§ WHAT TO WORK ON
In the copy you make, include no pictures, and transcribe every record exactly.

§ DATA TO EXAMINE
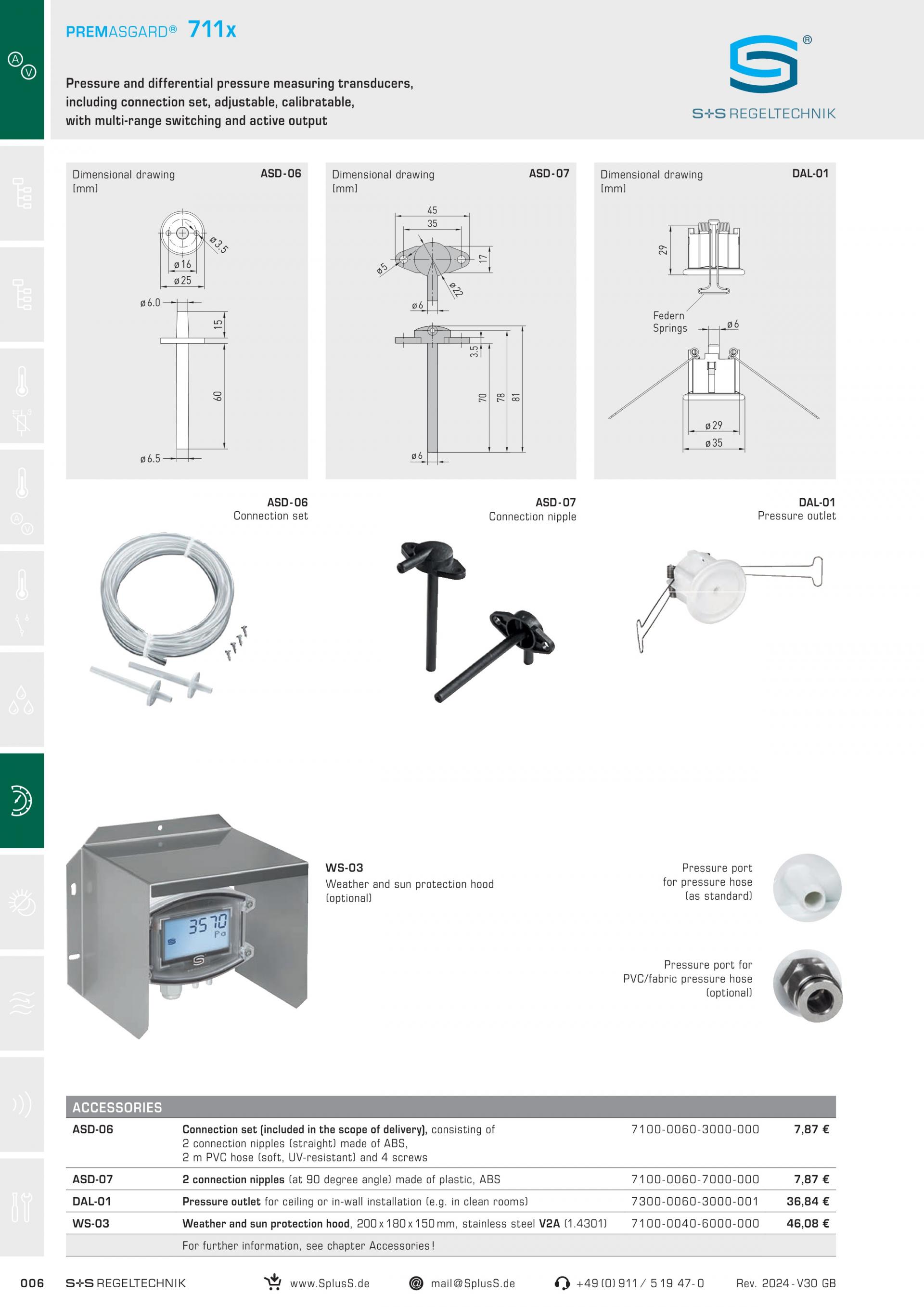 이러한 압력 센서는 클린룸, 의료 및 필터 기술, 환기 및 공조 덕트, 스프레이 부스, 대규모 케이터링 시설, 필터 모니터링 및 레벨 측정 또는 주파수 변환기 트리거에 적용됩니다. 이러한 압력 변환기로 측정되는 매체는 공기(비침전) 또는 기타 기체, 비공격성, 불연성 매체입니다. 압력 센서에는 수동 영점 교정을 위한 버튼(자동 영점 교정 옵션/25 Pa의 경우 표준)과 최종 값 수정을 위한 오프셋 전위차계가 있습니다. 센서는 공장에서 교정되었습니다. 전문가에 의한 환경 정밀 조정이 가능합니다. 배송에는 연결 세트 ASD-06(2m 연결 호스, 2개의 압력 포트 니플, 나사)이 포함됩니다.
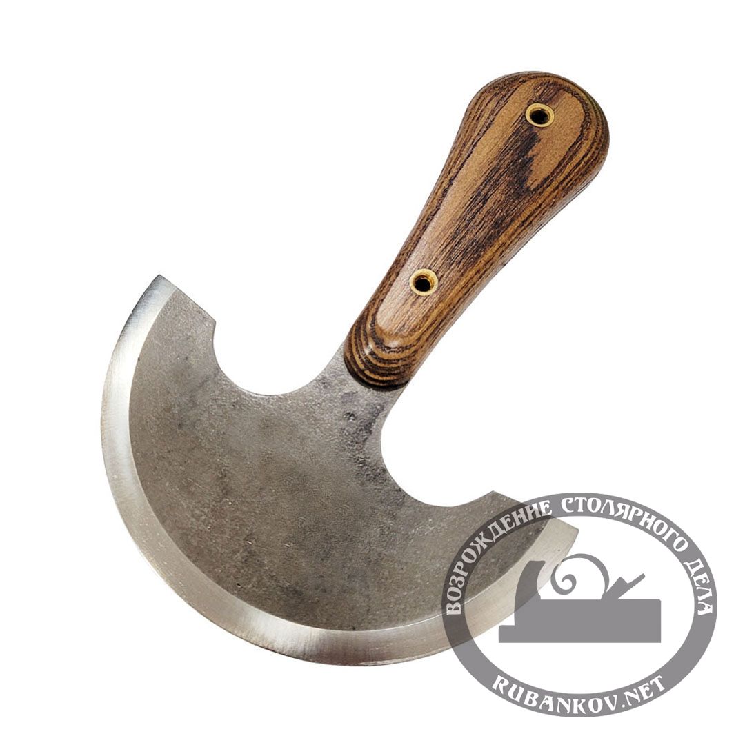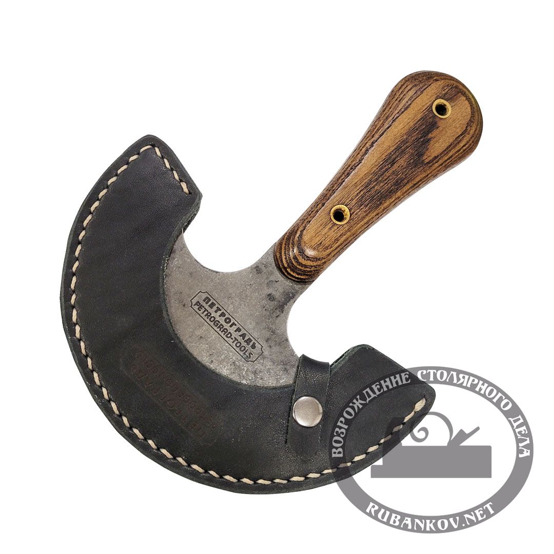 Нож раскроечный ПЕТРОГРАДЪ, модель 1, двусторонняя заточка. Верхние и нижние режущие кромки заточены и доведены до бритвенного состояния и готов к работе. Можно использовать для прямолинейного реза. Нож укомплектован кожаным чехлом. Данный тип ножей используется повсеместно в ремесленном, в кожевенном, в сапожном деле. Нож с круговым лезвием для разрезания нескольких слоев материала. Накладки на рукоять сделаны из ценных пород древесины. Покрыты маслом. Надежно закреплены на 2 латунные заклепки. В комплект входит аккуратный кожаный прошитый чехол. Радиус закругления 60±1мм. Толщина лезвия 1,8-2,0мм. Инструментальная легированная сталь 9ХФ. Закалены до твёрдости 58-61HRC. Общая длина ножа 175мм. Длина рукояти 110мм.
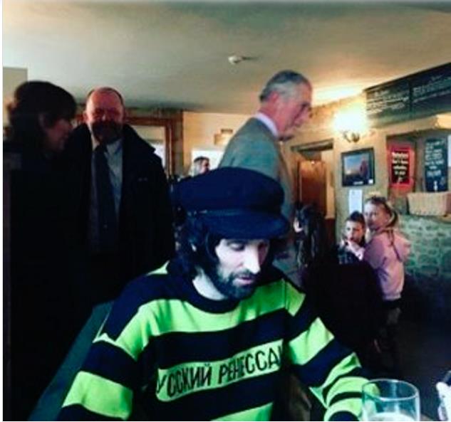 Συγκεκριμένα ο κιθαρίστας του γκρουπ από το Λέστερ απολάμβανε το γεύμα του στην παμπ, όταν ο βασιλικός επισκέπτης μπήκε μέσα. Η φωτογραφία δείχνει τον κιθαρίστα των Kasabian πρώτο πλάνο και στο βάθος τον πρίγκιπα Κάρολο με κοστούμι και μπότες να μιλάει σε κάποια παιδιά.
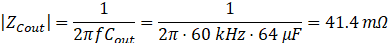 と計算できます。41.4mΩと39.5mΩの差は4%程であり、つまりRloadは無視でき、インピーダンスはほぼCoutのリアクタンス成分 41.4mΩ だけであると考えられます。つまりFcoにおいては右図の様にCoutだけの回路にシンプル化出来ます。
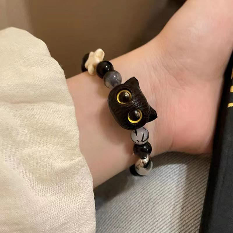 Vintage Cute Kitten Wooden Bracelet - Black - one size - image 2
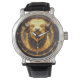 Montre Golden Taurus Bull Within a Circular Zodiac Wheel
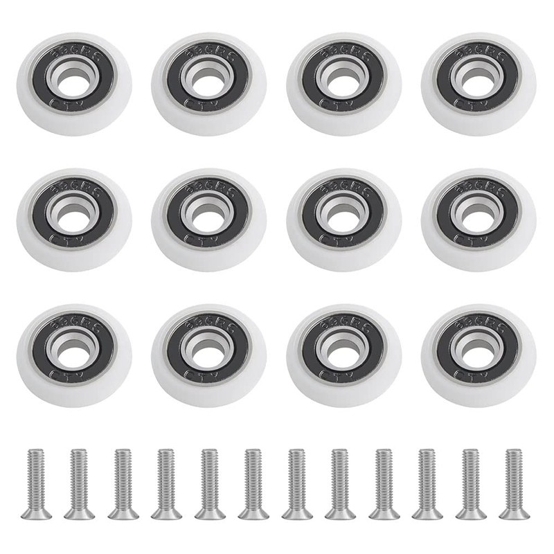 Gotetiso Pack of 12 Shower Cubicles Rollers Sliding Door Glass Door Rollers 23 mm Plastic Ball Bearing Guide Roller for Shower Cubicle Door with Screws
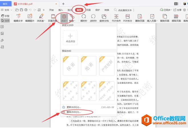 第二步,点击菜单栏的【编辑】-【水印】-【删除水印】:
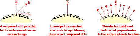 the foundation for the rationale behind why electric fields must be directed perpendicular to the surface of conducting objects. If there were a component of electric field directed parallel to the surface, then the excess charge on the surface would be forced into accelerated motion by this component. If a charge is set into motion, then the object upon which it is on is not in a state of electrostatic equilibrium. Therefore, the electric field must be entirely perpendicular to the conducting surface for objects that are at electrostatic equilibrium. Certainly a conducting object that has recently acquired an excess charge has a component of electric field (and electric force) parallel to the surface; it is this component that acts upon the newly acquired excess charge to distribute the excess charge over the surface and establish electrostatic equilibrium. But once reached, there is no longer any parallel component of electric field and no longer any motion of excess charge.

§ TASK RESULT
 이러한 압력 센서는 클린룸, 의료 및 필터 기술, 환기 및 공조 덕트, 스프레이 부스, 대규모 케이터링 시설, 필터 모니터링 및 레벨 측정 또는 주파수 변환기 트리거에 적용됩니다. 이러한 압력 변환기로 측정되는 매체는 공기(비침전) 또는 기타 기체, 비공격성, 불연성 매체입니다. 압력 센서에는 수동 영점 교정을 위한 버튼(자동 영점 교정 옵션/25 Pa의 경우 표준)과 최종 값 수정을 위한 오프셋 전위차계가 있습니다. 센서는 공장에서 교정되었습니다. 전문가에 의한 환경 정밀 조정이 가능합니다. 배송에는 연결 세트 ASD-06(2m 연결 호스, 2개의 압력 포트 니플, 나사)이 포함됩니다.
 Нож раскроечный ПЕТРОГРАДЪ, модель 1, двусторонняя заточка. Верхние и нижние режущие кромки заточены и доведены до бритвенного состояния и готов к работе. Можно использовать для прямолинейного реза. Нож укомплектован кожаным чехлом. Данный тип ножей используется повсеместно в ремесленном, в кожевенном, в сапожном деле. Нож с круговым лезвием для разрезания нескольких слоев материала. Накладки на рукоять сделаны из ценных пород древесины. Покрыты маслом. Надежно закреплены на 2 латунные заклепки. В комплект входит аккуратный кожаный прошитый чехол. Радиус закругления 60±1мм. Толщина лезвия 1,8-2,0мм. Инструментальная легированная сталь 9ХФ. Закалены до твёрдости 58-61HRC. Общая длина ножа 175мм. Длина рукояти 110мм.
 Συγκεκριμένα ο κιθαρίστας του γκρουπ από το Λέστερ απολάμβανε το γεύμα του στην παμπ, όταν ο βασιλικός επισκέπτης μπήκε μέσα. Η φωτογραφία δείχνει τον κιθαρίστα των Kasabian πρώτο πλάνο και στο βάθος τον πρίγκιπα Κάρολο με κοστούμι και μπότες να μιλάει σε κάποια παιδιά.
 と計算できます。41.4mΩと39.5mΩの差は4%程であり、つまりRloadは無視でき、インピーダンスはほぼCoutのリアクタンス成分 41.4mΩ だけであると考えられます。つまりFcoにおいては右図の様にCoutだけの回路にシンプル化出来ます。
 Vintage Cute Kitten Wooden Bracelet - Black - one size - image 2
 Montre Golden Taurus Bull Within a Circular Zodiac Wheel
 Gotetiso Pack of 12 Shower Cubicles Rollers Sliding Door Glass Door Rollers 23 mm Plastic Ball Bearing Guide Roller for Shower Cubicle Door with Screws
 第二步,点击菜单栏的【编辑】-【水印】-【删除水印】:
 the foundation for the rationale behind why electric fields must be directed perpendicular to the surface of conducting objects. If there were a component of electric field directed parallel to the surface, then the excess charge on the surface would be forced into accelerated motion by this component. If a charge is set into motion, then the object upon which it is on is not in a state of electrostatic equilibrium. Therefore, the electric field must be entirely perpendicular to the conducting surface for objects that are at electrostatic equilibrium. Certainly a conducting object that has recently acquired an excess charge has a component of electric field (and electric force) parallel to the surface; it is this component that acts upon the newly acquired excess charge to distribute the excess charge over the surface and establish electrostatic equilibrium. But once reached, there is no longer any parallel component of electric field and no longer any motion of excess charge.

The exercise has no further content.